One of the most obvious socioeconomic factors the influenced blues music was the slave trade. In 1750, 240,000 African slaves were in British North America. The majority of the slaves were in the South. Blues is a musical form created by African Americans. One of the definitive studies of the origins of the blues is Leroi Jones' "Blue People: Negro Music In White America." Jones argues that the blues emerged as African slaves gradually become Americanized and became more distant from their African roots. This process took several generations. One of the essential elements of becoming Americanized was a translation of African spiritual experience into Christian imagery. This synthesis gave birth to the Negro spiritual. The words in the Negro spiritual were often coded references lamenting the harsh socioeconomic conditions of the American slave. The Negro spiritual is one of the building blocks of the blues. Other factors that influenced blues were the field hollers, shouts and work songs associated with labor in the South.
The white power structure created a legal framework, referred to as "Jim Crow," that legalized segregation and discrimination and that help to perpetuate violence. Violence was a tool used to keep blacks "in their place," and their place was on the plantation. The Delta bluesmen set an example for the younger generation. The represented the idea of economic independence and freedom. Honeyboy Edwards, one of the last surviving Delta bluesmen, likes to emphasize how dangerous it was for a black man to be caught walking down the road in the middle of the work day with a guitar. The reality of living in the Jim Crow South is a theme in many blues songs. Charlie Patton's "Tom Rushing Blues" is a song about the brutality of the local sheriff. Implicit in Bessie Smith's "Ain't Nobody's Business" is the idea that blacks in the South did not call the white police to solve their problems.
The development of the phonograph and the corresponding market for blues recordings was one of the most significant factors in the development of the blues. Mamie Smith is credited with making the first blues record in 1920. It sold 75,000 copies. This was an indication to blues musicians that blues music represented a viable way to make a living. At the same time, record companies recognized that there was a profit to be made as well and quickly sought out artists to make "race" records, as they were called. The intended audience for race records was African Americans. The success of blues records resulted in the blues becoming more standardized --- the 12-bar format became the norm.

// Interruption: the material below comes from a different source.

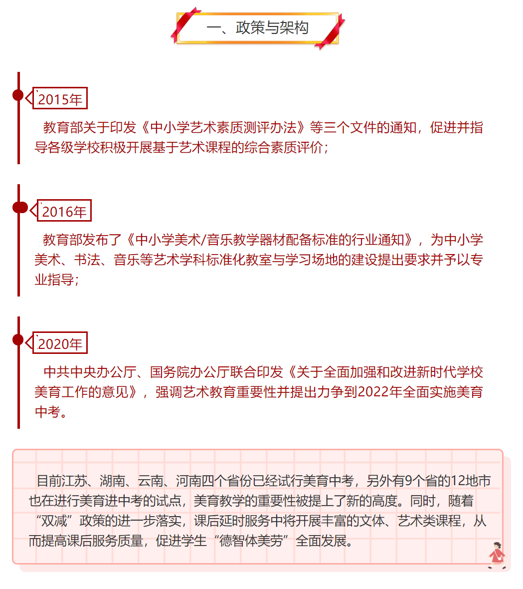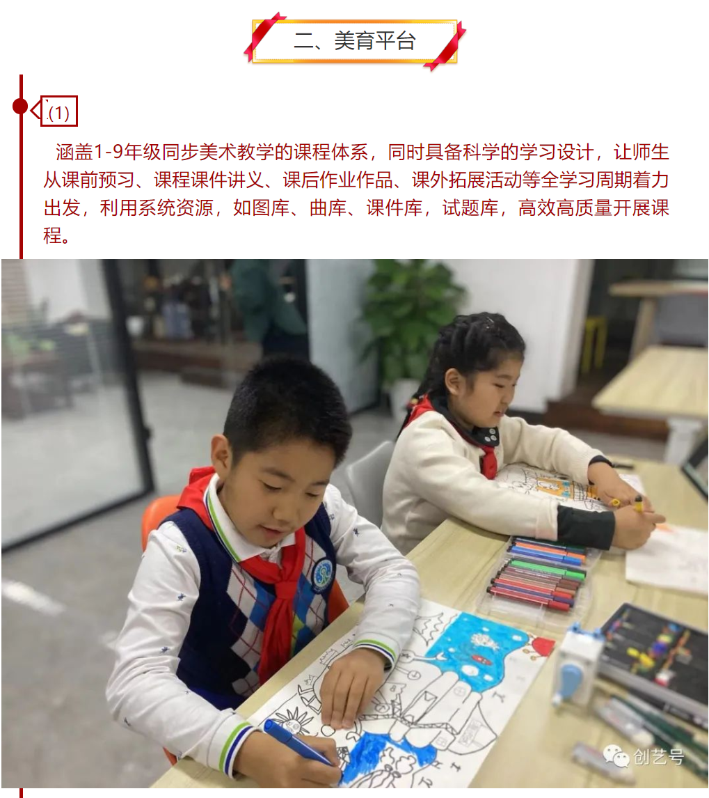 | 區(qū)域美育整體解決方案。創(chuàng)藝號(hào)美育綜合建設(shè)方案,做到“三建設(shè),三提升”,建設(shè)美育創(chuàng)新型課程模式,提升區(qū)域整體教學(xué)能力;建設(shè)美育發(fā)展性評(píng)價(jià)體系,提升學(xué)生藝術(shù)綜合素養(yǎng);建設(shè)美育專業(yè)化場(chǎng)地課程,提升學(xué)校優(yōu)質(zhì)特色發(fā)展,有效服務(wù)美育進(jìn)校園、進(jìn)中考。 |

The mechanization of the cotton industry led to the great migration of African Americans to larger urban centers in the North, such as St. Louis, Chicago, New York and Philadelphia. African Americans moved north in search of work and a better future. They brought their cultural traditions, including their music, with them. Muddy Waters grew up on the Stovall Plantation just outside Clarksdale, Mississippi. He learned to play acoustic blues in the style of Charlie Patton, Son House and Robert Johnson. Waters was recorded on the Stovall Plantation by Alan Lomax in the early 1940s. He moved to Chicago shortly afterward in search of work as a musician. The result was the creation of the electric blues.